SOURCE MATERIAL: Begin
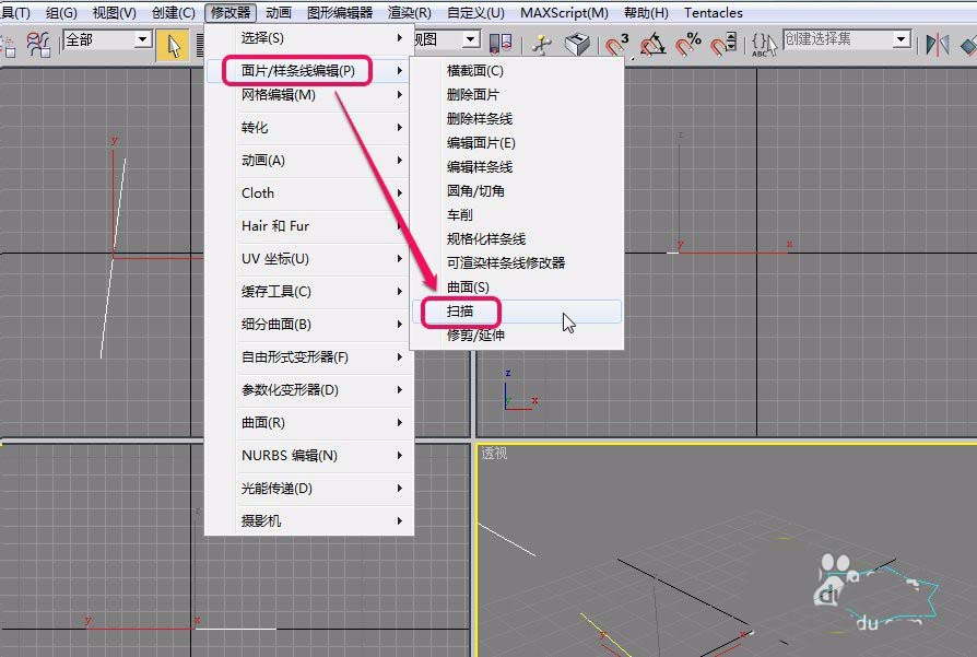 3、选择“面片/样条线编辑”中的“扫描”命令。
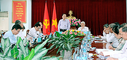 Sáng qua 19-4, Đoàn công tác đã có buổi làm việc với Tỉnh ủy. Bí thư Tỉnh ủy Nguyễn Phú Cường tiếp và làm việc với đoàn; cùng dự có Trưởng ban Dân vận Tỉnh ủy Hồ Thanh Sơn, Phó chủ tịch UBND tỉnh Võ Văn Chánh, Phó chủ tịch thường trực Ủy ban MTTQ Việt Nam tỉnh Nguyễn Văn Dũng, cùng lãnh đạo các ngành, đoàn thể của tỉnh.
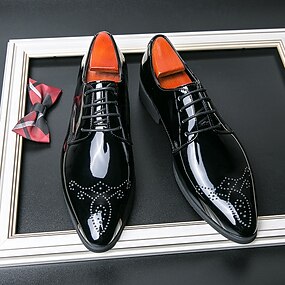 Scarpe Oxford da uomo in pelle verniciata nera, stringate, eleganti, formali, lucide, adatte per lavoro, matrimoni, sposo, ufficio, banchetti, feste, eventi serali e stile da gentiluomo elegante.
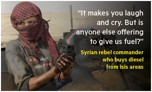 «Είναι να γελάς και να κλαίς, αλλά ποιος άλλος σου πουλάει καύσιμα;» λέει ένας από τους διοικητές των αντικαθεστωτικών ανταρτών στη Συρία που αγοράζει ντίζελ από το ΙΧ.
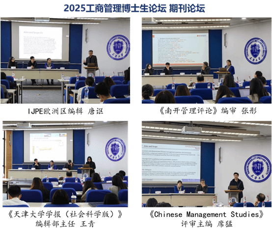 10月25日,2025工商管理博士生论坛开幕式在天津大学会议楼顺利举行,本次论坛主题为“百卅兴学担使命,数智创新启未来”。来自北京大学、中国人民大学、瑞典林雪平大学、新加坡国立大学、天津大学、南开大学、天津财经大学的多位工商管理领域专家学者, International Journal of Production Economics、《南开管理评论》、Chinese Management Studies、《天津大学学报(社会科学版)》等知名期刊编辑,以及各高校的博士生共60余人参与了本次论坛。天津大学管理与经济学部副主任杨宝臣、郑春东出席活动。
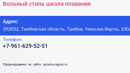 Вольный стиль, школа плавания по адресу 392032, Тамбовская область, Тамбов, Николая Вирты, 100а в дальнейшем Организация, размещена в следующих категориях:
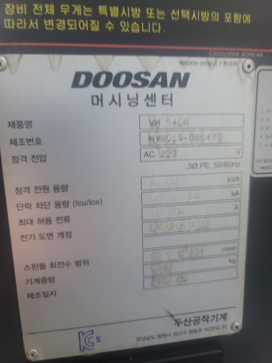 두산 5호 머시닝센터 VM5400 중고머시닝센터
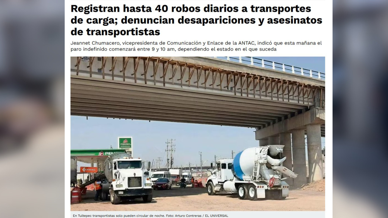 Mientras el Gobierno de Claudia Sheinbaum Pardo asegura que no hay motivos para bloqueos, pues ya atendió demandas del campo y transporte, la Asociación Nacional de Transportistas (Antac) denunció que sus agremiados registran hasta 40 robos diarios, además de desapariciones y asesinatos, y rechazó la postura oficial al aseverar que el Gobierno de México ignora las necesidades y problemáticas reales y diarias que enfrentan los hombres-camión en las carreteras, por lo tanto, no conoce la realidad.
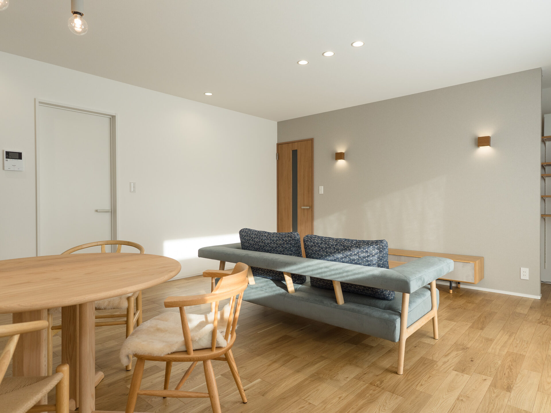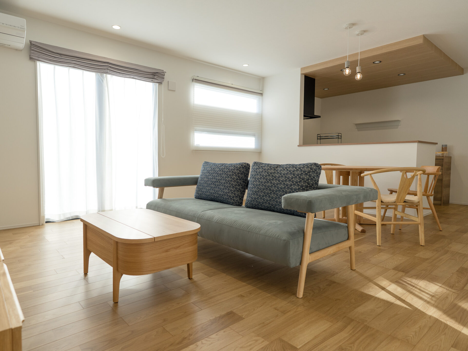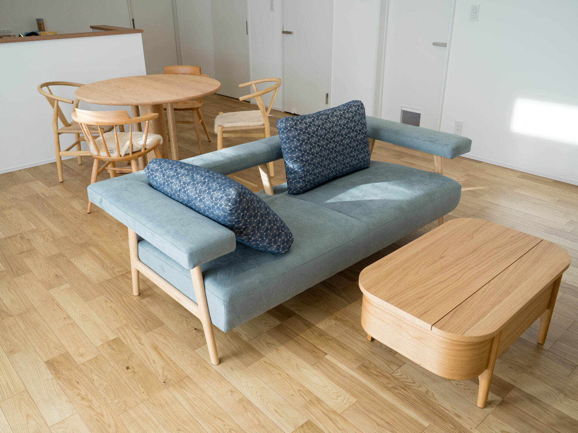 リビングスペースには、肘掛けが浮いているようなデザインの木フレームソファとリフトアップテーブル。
SOURCE MATERIAL: End
The answer must consist solely of the lines from the first line of the records through the line containing "Вольный стиль, школа", reproduced exactly and without the pictures.

RESULT BELOW
 3、选择“面片/样条线编辑”中的“扫描”命令。
 Sáng qua 19-4, Đoàn công tác đã có buổi làm việc với Tỉnh ủy. Bí thư Tỉnh ủy Nguyễn Phú Cường tiếp và làm việc với đoàn; cùng dự có Trưởng ban Dân vận Tỉnh ủy Hồ Thanh Sơn, Phó chủ tịch UBND tỉnh Võ Văn Chánh, Phó chủ tịch thường trực Ủy ban MTTQ Việt Nam tỉnh Nguyễn Văn Dũng, cùng lãnh đạo các ngành, đoàn thể của tỉnh.
 Scarpe Oxford da uomo in pelle verniciata nera, stringate, eleganti, formali, lucide, adatte per lavoro, matrimoni, sposo, ufficio, banchetti, feste, eventi serali e stile da gentiluomo elegante.
 «Είναι να γελάς και να κλαίς, αλλά ποιος άλλος σου πουλάει καύσιμα;» λέει ένας από τους διοικητές των αντικαθεστωτικών ανταρτών στη Συρία που αγοράζει ντίζελ από το ΙΧ.
 10月25日,2025工商管理博士生论坛开幕式在天津大学会议楼顺利举行,本次论坛主题为“百卅兴学担使命,数智创新启未来”。来自北京大学、中国人民大学、瑞典林雪平大学、新加坡国立大学、天津大学、南开大学、天津财经大学的多位工商管理领域专家学者, International Journal of Production Economics、《南开管理评论》、Chinese Management Studies、《天津大学学报(社会科学版)》等知名期刊编辑,以及各高校的博士生共60余人参与了本次论坛。天津大学管理与经济学部副主任杨宝臣、郑春东出席活动。
 Вольный стиль, школа плавания по адресу 392032, Тамбовская область, Тамбов, Николая Вирты, 100а в дальнейшем Организация, размещена в следующих категориях:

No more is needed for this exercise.